Assigned task - From the records below, print only the part that opens with the line containing "Juni 2011 |" and closes with the line containing "Der länglich gearbeitete, organisch"; omit the pictures.

Available records -
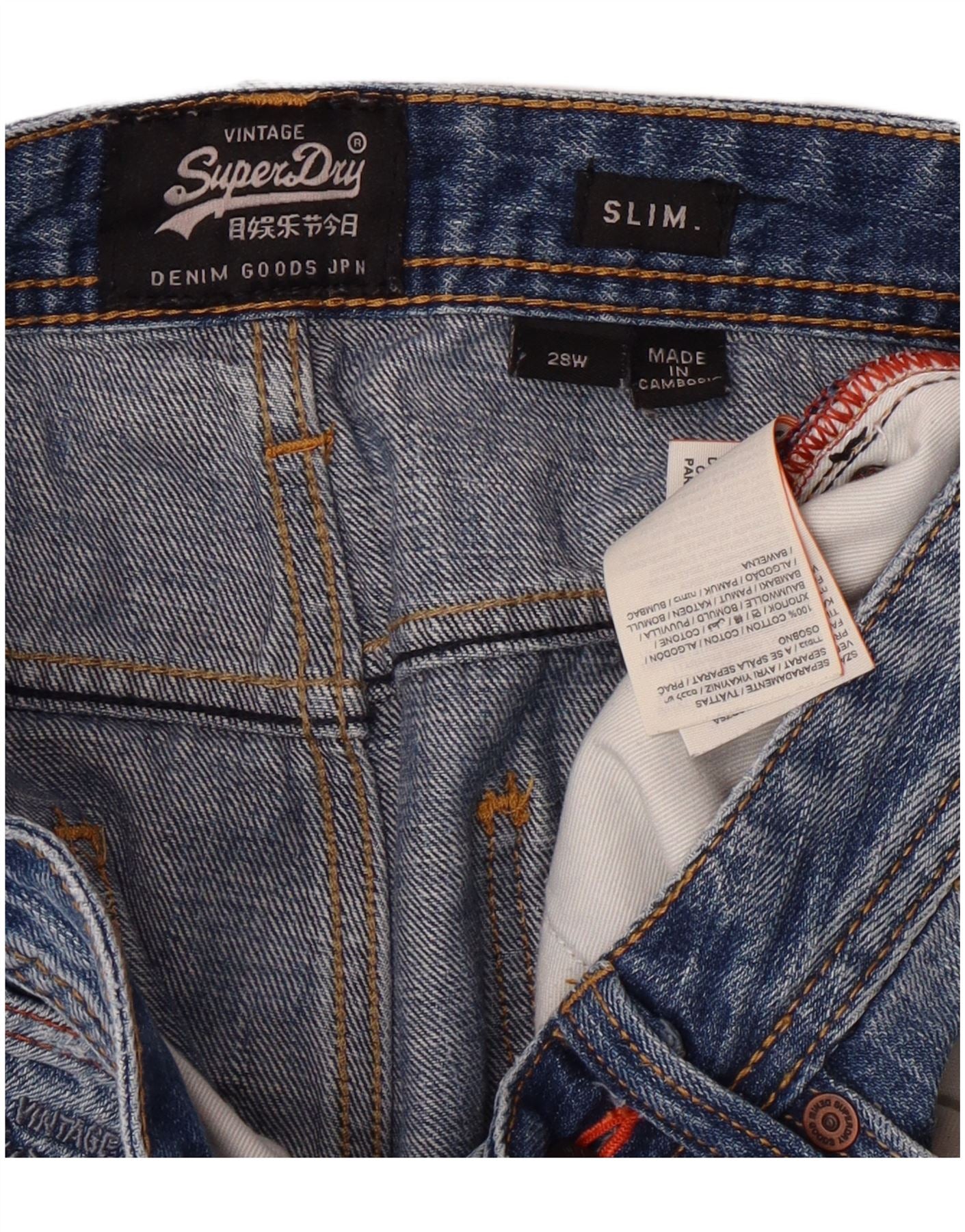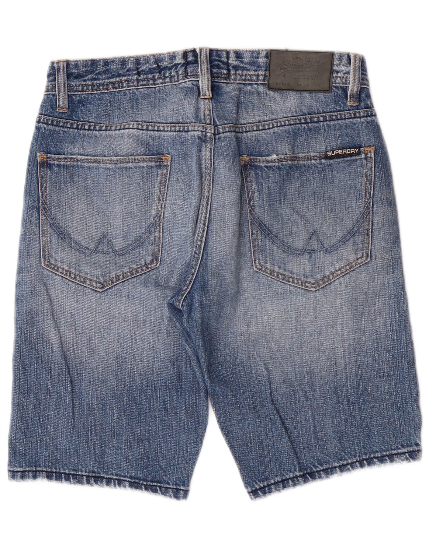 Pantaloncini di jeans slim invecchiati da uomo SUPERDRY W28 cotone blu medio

==

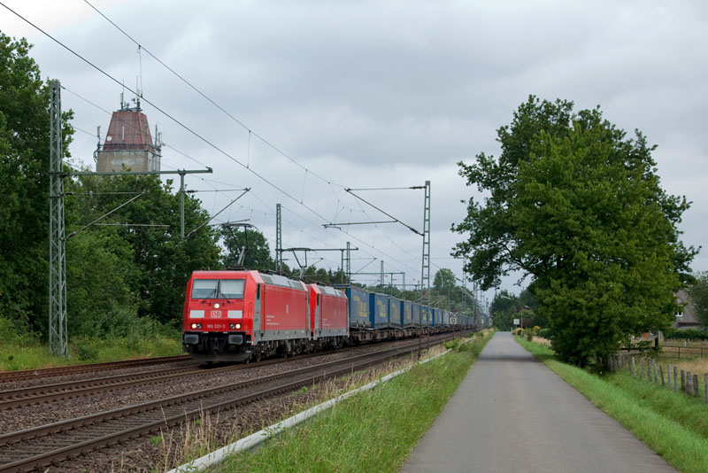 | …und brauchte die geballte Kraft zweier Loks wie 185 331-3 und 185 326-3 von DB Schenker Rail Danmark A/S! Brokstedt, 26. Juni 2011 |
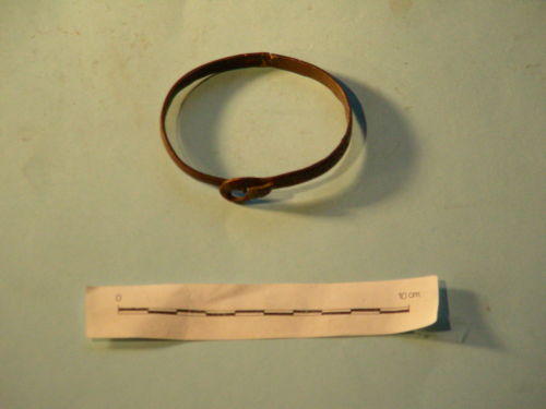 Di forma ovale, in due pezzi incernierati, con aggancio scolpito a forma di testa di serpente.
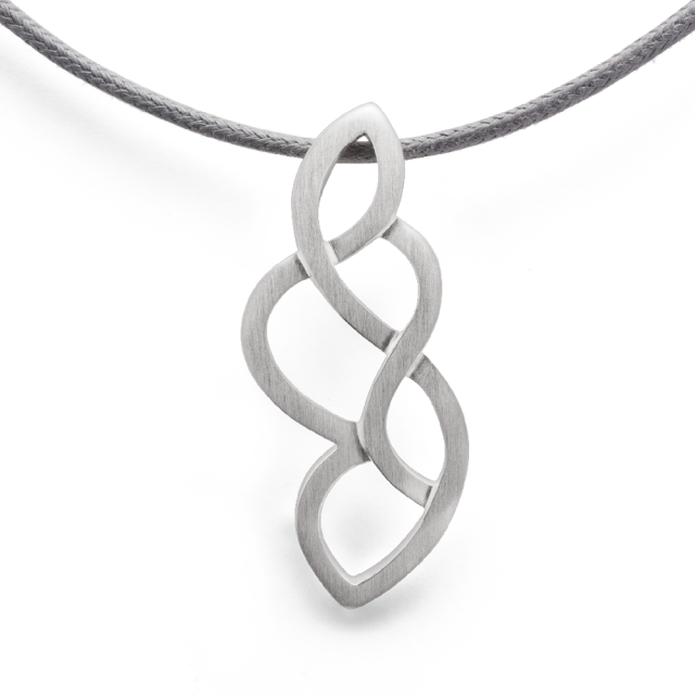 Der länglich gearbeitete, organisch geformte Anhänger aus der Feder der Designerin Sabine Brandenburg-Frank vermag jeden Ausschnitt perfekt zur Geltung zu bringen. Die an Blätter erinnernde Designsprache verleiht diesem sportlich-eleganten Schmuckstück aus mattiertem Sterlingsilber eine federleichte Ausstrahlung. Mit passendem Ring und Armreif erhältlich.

Output for this task -
 | …und brauchte die geballte Kraft zweier Loks wie 185 331-3 und 185 326-3 von DB Schenker Rail Danmark A/S! Brokstedt, 26. Juni 2011 |
 Di forma ovale, in due pezzi incernierati, con aggancio scolpito a forma di testa di serpente.
 Der länglich gearbeitete, organisch geformte Anhänger aus der Feder der Designerin Sabine Brandenburg-Frank vermag jeden Ausschnitt perfekt zur Geltung zu bringen. Die an Blätter erinnernde Designsprache verleiht diesem sportlich-eleganten Schmuckstück aus mattiertem Sterlingsilber eine federleichte Ausstrahlung. Mit passendem Ring und Armreif erhältlich.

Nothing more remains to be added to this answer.